No test is better than a bad test

1 June 2020
By Dennis Sherwood

This blog was kindly contributed by Dennis Sherwood. Dennis has previously written on this years’ school exams and Ofqual, among other topics.

I write this having just read an article in The Guardian about the condemnation by doctors for the ‘shroud of secrecy’ thrown by ministers and Public Health England over the number of coronavirus tests giving wrong results. Do you remember Matt Hancock’s declaration that ‘no test is better than a bad test’? The article suggests that some 25 per cent to 29 per cent of Covid-19 tests are wrongly declaring people to be virus-free, with the result that they are at liberty, inadvertently, to infect others. Which is bad news indeed.

To determine the reliability of a diagnostic test, medics measure the number of ‘false negatives’ (tests that indicate that the condition is absent when it is in fact present) and ‘false positives’ (the test says ‘yes’ when the condition is not there), often representing the overall picture as a ‘contingency chart’, such as that shown here:

The area of each ‘bubble’ is proportional to the likelihood of each of the four possible test outcomes.

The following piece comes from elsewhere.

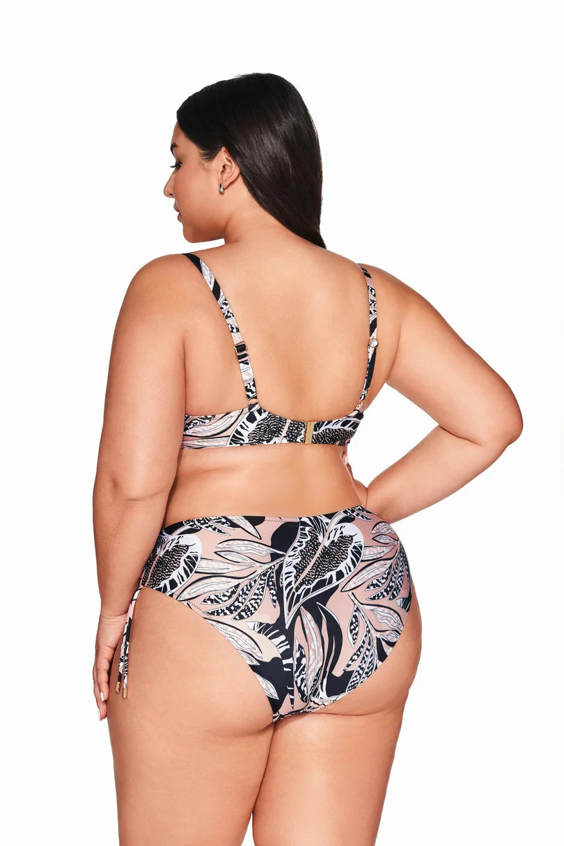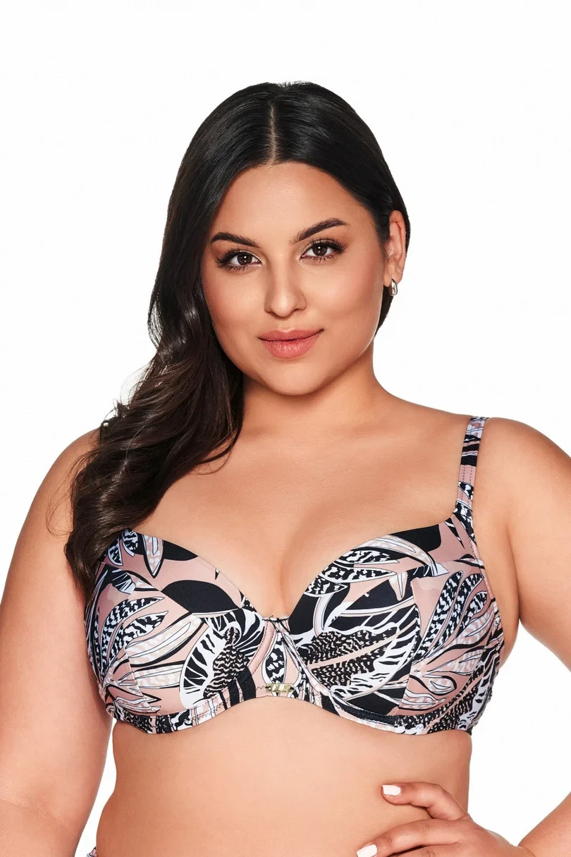 Biustonosz kąpielowy SK 220 FULL CUP wyróżnia się ponadczasową elegancją dzięki klasycznemu połączeniu czerni i koloru w stylu latte. Ten stylowy zestaw doskonale współgra z letnią opalenizną, podkreślając piękno kobiecej sylwetki.

A perfect test would be associated with a chart which does not show any blue or yellow bubbles at all, the only feature being two large green bubbles. An unreliable test would be associated with a chart showing large blue and yellow bubbles and small green ones. The test shown here, with small blue and yellow bubbles, indicates that 10 tests in every 1,000 give a false result. This test is good, for it has a high likelihood (99 per cent) of determining the truth. The test results are therefore trustworthy.

A school exam is a test, and the outcomes, the grades. But is an exam a ‘good’ or a ‘bad’ test? It all depends on the numbers of ‘false negatives’ and ‘false positives’. But what do these mean in the context of exams?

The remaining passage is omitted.